◆ **STUDY MATERIAL**:
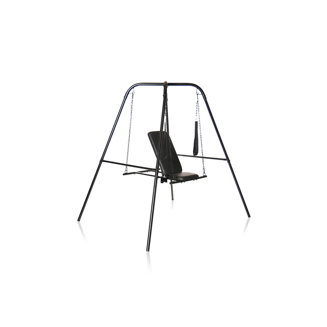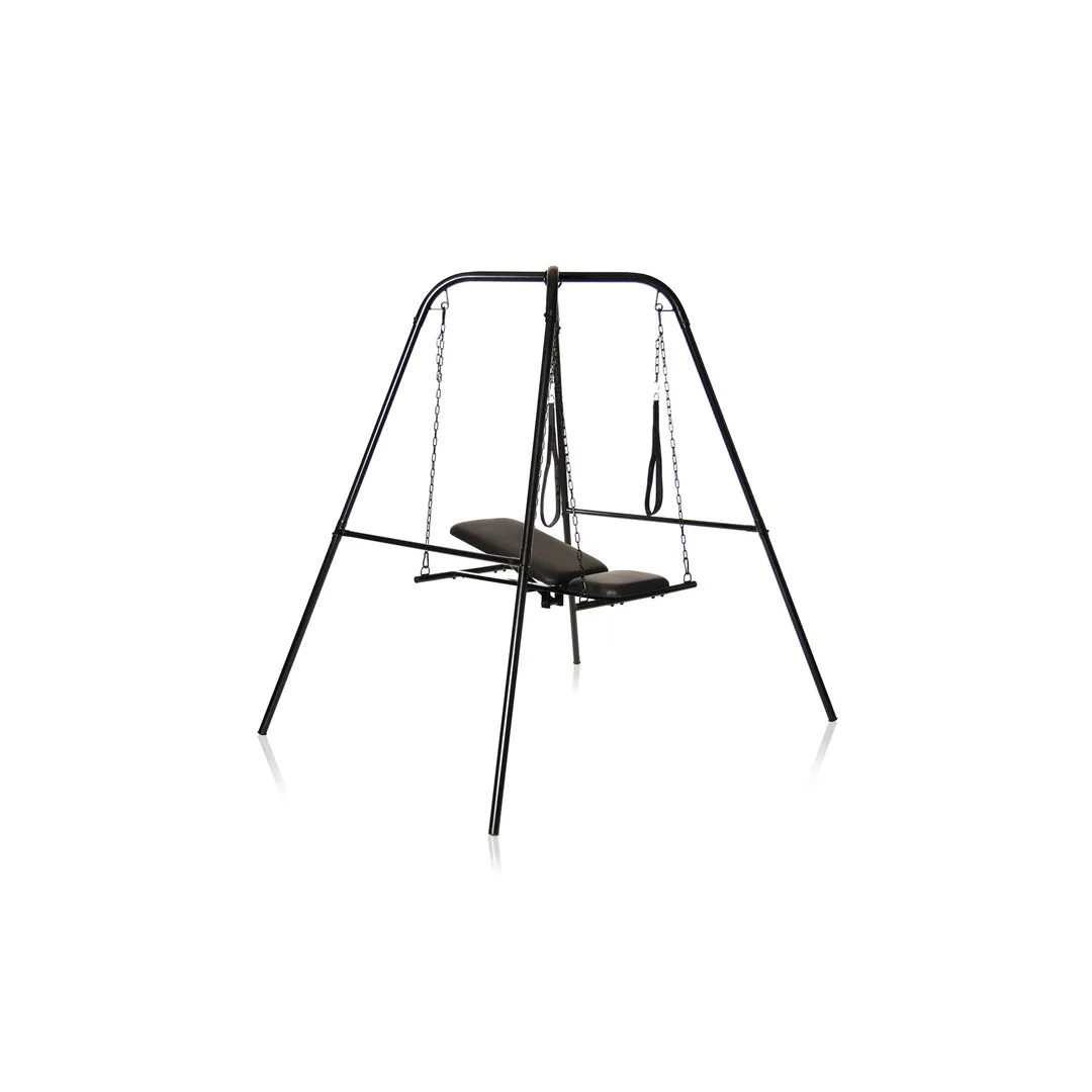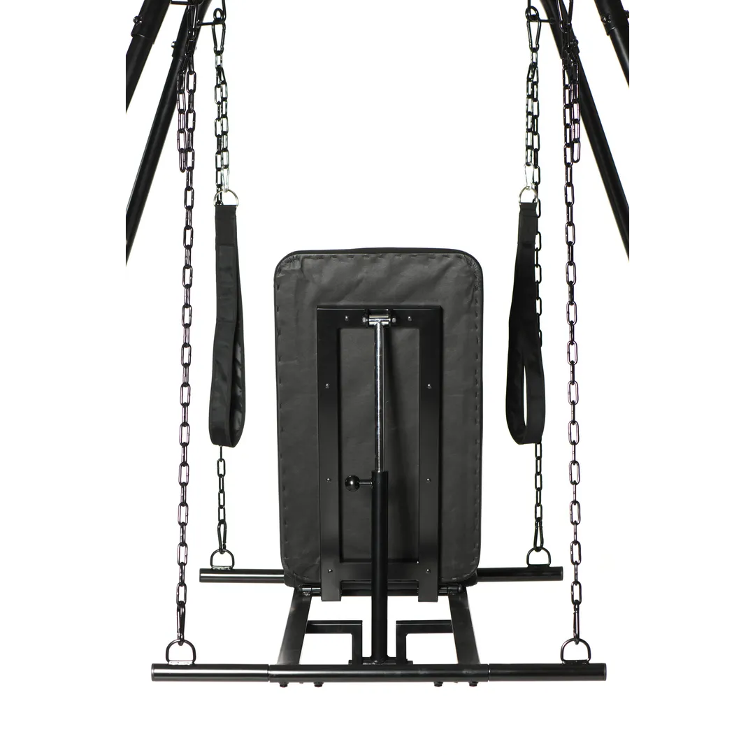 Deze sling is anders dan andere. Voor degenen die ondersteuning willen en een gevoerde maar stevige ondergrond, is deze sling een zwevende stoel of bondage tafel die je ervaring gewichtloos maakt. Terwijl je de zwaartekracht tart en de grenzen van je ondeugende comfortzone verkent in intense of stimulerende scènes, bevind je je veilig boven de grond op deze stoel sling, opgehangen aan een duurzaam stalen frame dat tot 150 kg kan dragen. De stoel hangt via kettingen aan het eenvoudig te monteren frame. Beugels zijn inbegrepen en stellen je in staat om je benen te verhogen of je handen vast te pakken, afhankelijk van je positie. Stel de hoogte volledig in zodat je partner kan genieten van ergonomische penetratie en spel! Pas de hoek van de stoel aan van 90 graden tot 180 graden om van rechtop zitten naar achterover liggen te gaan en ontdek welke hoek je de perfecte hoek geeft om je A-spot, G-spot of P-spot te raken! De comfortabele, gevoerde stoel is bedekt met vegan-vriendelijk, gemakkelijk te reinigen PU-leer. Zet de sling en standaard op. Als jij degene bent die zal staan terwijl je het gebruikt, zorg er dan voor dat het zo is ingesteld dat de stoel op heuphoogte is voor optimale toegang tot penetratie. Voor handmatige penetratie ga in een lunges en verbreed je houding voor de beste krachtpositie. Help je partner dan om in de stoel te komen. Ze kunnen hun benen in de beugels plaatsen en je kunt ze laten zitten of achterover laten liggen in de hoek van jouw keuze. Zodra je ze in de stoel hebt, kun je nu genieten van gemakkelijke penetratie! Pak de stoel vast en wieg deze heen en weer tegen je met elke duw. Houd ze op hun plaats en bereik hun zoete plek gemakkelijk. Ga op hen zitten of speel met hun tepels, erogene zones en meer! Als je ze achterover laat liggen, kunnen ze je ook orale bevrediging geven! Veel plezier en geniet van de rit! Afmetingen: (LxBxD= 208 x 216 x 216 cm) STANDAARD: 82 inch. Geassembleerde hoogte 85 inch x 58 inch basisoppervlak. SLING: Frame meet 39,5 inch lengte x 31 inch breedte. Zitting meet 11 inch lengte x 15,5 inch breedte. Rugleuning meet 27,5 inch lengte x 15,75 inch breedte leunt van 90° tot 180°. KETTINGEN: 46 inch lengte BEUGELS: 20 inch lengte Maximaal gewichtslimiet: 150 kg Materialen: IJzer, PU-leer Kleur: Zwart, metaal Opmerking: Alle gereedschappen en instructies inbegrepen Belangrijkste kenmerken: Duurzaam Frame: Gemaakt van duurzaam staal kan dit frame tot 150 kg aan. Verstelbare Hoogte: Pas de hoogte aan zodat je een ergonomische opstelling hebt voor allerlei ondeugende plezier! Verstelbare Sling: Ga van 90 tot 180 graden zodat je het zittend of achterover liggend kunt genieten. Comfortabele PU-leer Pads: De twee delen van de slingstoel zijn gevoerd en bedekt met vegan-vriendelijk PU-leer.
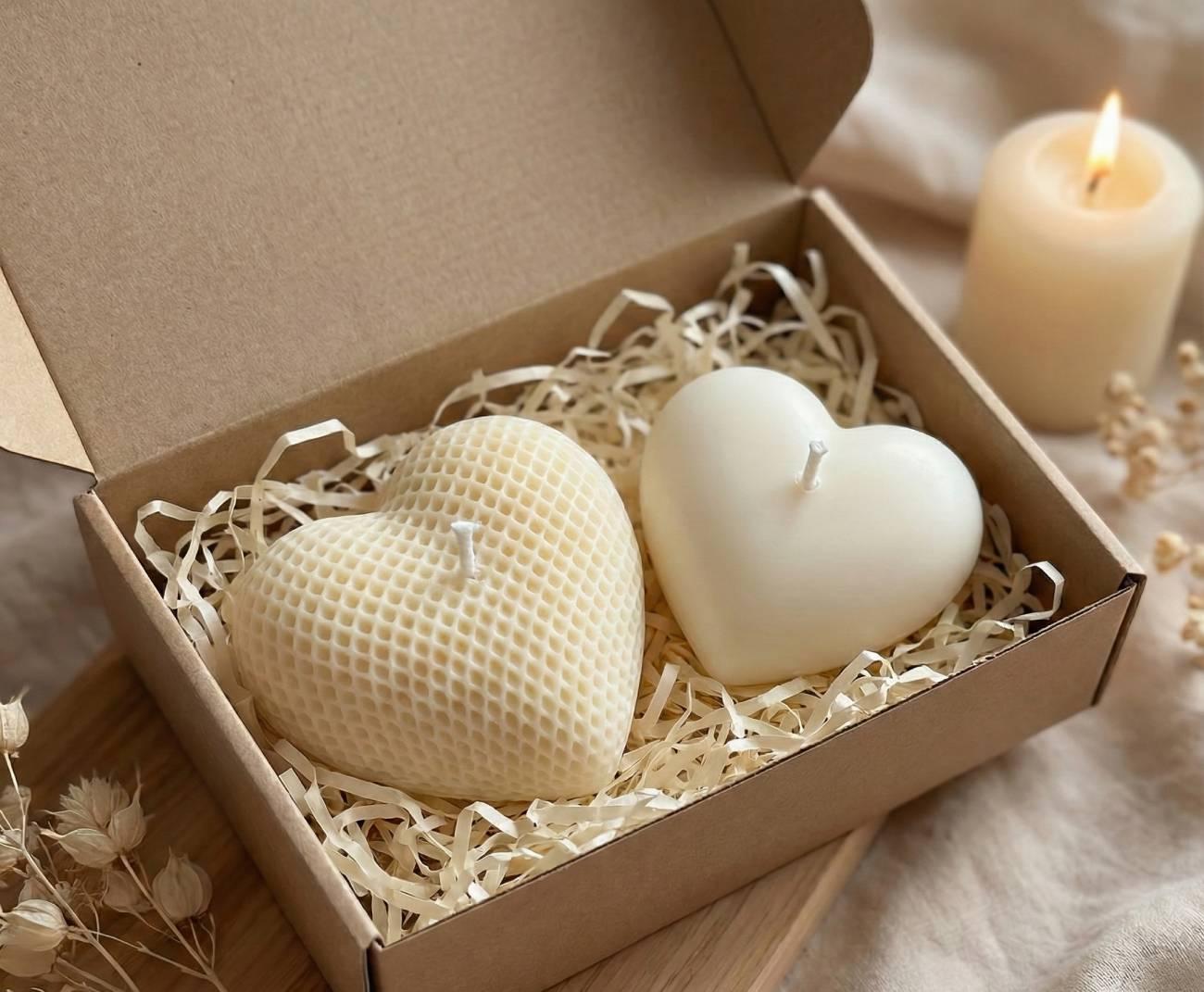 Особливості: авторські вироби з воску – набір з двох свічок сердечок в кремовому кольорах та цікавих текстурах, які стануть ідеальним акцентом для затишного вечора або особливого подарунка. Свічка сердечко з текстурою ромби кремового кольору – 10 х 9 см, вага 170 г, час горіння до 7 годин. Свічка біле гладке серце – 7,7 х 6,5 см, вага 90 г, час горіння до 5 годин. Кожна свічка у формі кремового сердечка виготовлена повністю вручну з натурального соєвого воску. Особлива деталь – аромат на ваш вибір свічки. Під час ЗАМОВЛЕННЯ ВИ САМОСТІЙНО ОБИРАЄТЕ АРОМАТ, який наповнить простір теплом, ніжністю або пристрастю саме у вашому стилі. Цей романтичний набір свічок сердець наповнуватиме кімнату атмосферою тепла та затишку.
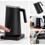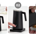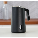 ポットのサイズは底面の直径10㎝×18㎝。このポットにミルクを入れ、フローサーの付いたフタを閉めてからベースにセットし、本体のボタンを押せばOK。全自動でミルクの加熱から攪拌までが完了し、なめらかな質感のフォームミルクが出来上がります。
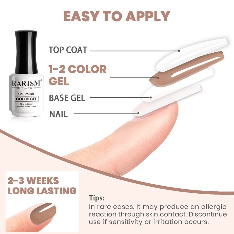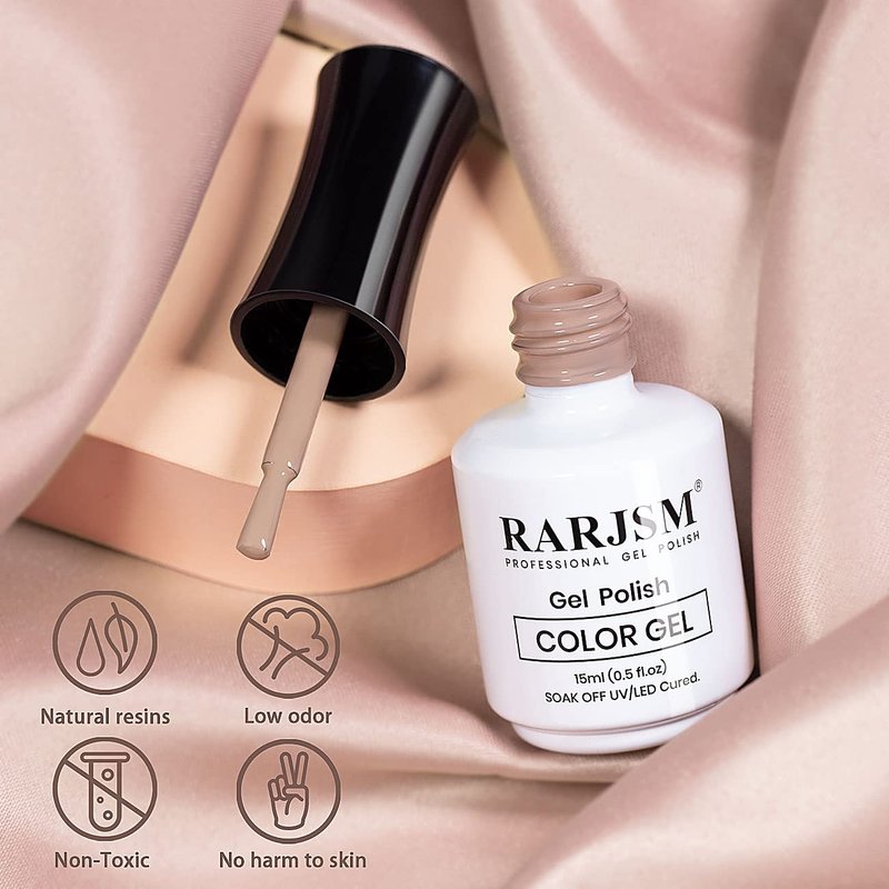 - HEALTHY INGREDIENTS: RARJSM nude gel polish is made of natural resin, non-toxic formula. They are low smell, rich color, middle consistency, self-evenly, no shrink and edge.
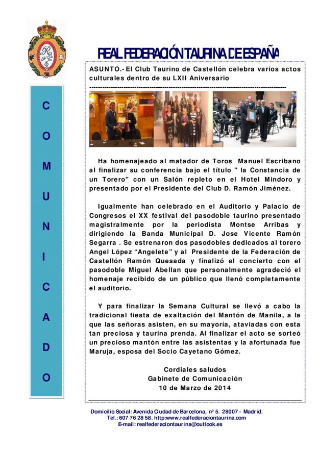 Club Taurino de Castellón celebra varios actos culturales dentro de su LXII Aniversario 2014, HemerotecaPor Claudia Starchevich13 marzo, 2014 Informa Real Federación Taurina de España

◆ **PROBLEM DESCRIPTION**:
With the images left out, set down each record exactly as it appears.

◆ **REPLY TO THE EXERCISE**:
 Deze sling is anders dan andere. Voor degenen die ondersteuning willen en een gevoerde maar stevige ondergrond, is deze sling een zwevende stoel of bondage tafel die je ervaring gewichtloos maakt. Terwijl je de zwaartekracht tart en de grenzen van je ondeugende comfortzone verkent in intense of stimulerende scènes, bevind je je veilig boven de grond op deze stoel sling, opgehangen aan een duurzaam stalen frame dat tot 150 kg kan dragen. De stoel hangt via kettingen aan het eenvoudig te monteren frame. Beugels zijn inbegrepen en stellen je in staat om je benen te verhogen of je handen vast te pakken, afhankelijk van je positie. Stel de hoogte volledig in zodat je partner kan genieten van ergonomische penetratie en spel! Pas de hoek van de stoel aan van 90 graden tot 180 graden om van rechtop zitten naar achterover liggen te gaan en ontdek welke hoek je de perfecte hoek geeft om je A-spot, G-spot of P-spot te raken! De comfortabele, gevoerde stoel is bedekt met vegan-vriendelijk, gemakkelijk te reinigen PU-leer. Zet de sling en standaard op. Als jij degene bent die zal staan terwijl je het gebruikt, zorg er dan voor dat het zo is ingesteld dat de stoel op heuphoogte is voor optimale toegang tot penetratie. Voor handmatige penetratie ga in een lunges en verbreed je houding voor de beste krachtpositie. Help je partner dan om in de stoel te komen. Ze kunnen hun benen in de beugels plaatsen en je kunt ze laten zitten of achterover laten liggen in de hoek van jouw keuze. Zodra je ze in de stoel hebt, kun je nu genieten van gemakkelijke penetratie! Pak de stoel vast en wieg deze heen en weer tegen je met elke duw. Houd ze op hun plaats en bereik hun zoete plek gemakkelijk. Ga op hen zitten of speel met hun tepels, erogene zones en meer! Als je ze achterover laat liggen, kunnen ze je ook orale bevrediging geven! Veel plezier en geniet van de rit! Afmetingen: (LxBxD= 208 x 216 x 216 cm) STANDAARD: 82 inch. Geassembleerde hoogte 85 inch x 58 inch basisoppervlak. SLING: Frame meet 39,5 inch lengte x 31 inch breedte. Zitting meet 11 inch lengte x 15,5 inch breedte. Rugleuning meet 27,5 inch lengte x 15,75 inch breedte leunt van 90° tot 180°. KETTINGEN: 46 inch lengte BEUGELS: 20 inch lengte Maximaal gewichtslimiet: 150 kg Materialen: IJzer, PU-leer Kleur: Zwart, metaal Opmerking: Alle gereedschappen en instructies inbegrepen Belangrijkste kenmerken: Duurzaam Frame: Gemaakt van duurzaam staal kan dit frame tot 150 kg aan. Verstelbare Hoogte: Pas de hoogte aan zodat je een ergonomische opstelling hebt voor allerlei ondeugende plezier! Verstelbare Sling: Ga van 90 tot 180 graden zodat je het zittend of achterover liggend kunt genieten. Comfortabele PU-leer Pads: De twee delen van de slingstoel zijn gevoerd en bedekt met vegan-vriendelijk PU-leer.
 Особливості: авторські вироби з воску – набір з двох свічок сердечок в кремовому кольорах та цікавих текстурах, які стануть ідеальним акцентом для затишного вечора або особливого подарунка. Свічка сердечко з текстурою ромби кремового кольору – 10 х 9 см, вага 170 г, час горіння до 7 годин. Свічка біле гладке серце – 7,7 х 6,5 см, вага 90 г, час горіння до 5 годин. Кожна свічка у формі кремового сердечка виготовлена повністю вручну з натурального соєвого воску. Особлива деталь – аромат на ваш вибір свічки. Під час ЗАМОВЛЕННЯ ВИ САМОСТІЙНО ОБИРАЄТЕ АРОМАТ, який наповнить простір теплом, ніжністю або пристрастю саме у вашому стилі. Цей романтичний набір свічок сердець наповнуватиме кімнату атмосферою тепла та затишку.
 ポットのサイズは底面の直径10㎝×18㎝。このポットにミルクを入れ、フローサーの付いたフタを閉めてからベースにセットし、本体のボタンを押せばOK。全自動でミルクの加熱から攪拌までが完了し、なめらかな質感のフォームミルクが出来上がります。
 - HEALTHY INGREDIENTS: RARJSM nude gel polish is made of natural resin, non-toxic formula. They are low smell, rich color, middle consistency, self-evenly, no shrink and edge.
 Club Taurino de Castellón celebra varios actos culturales dentro de su LXII Aniversario 2014, HemerotecaPor Claudia Starchevich13 marzo, 2014 Informa Real Federación Taurina de España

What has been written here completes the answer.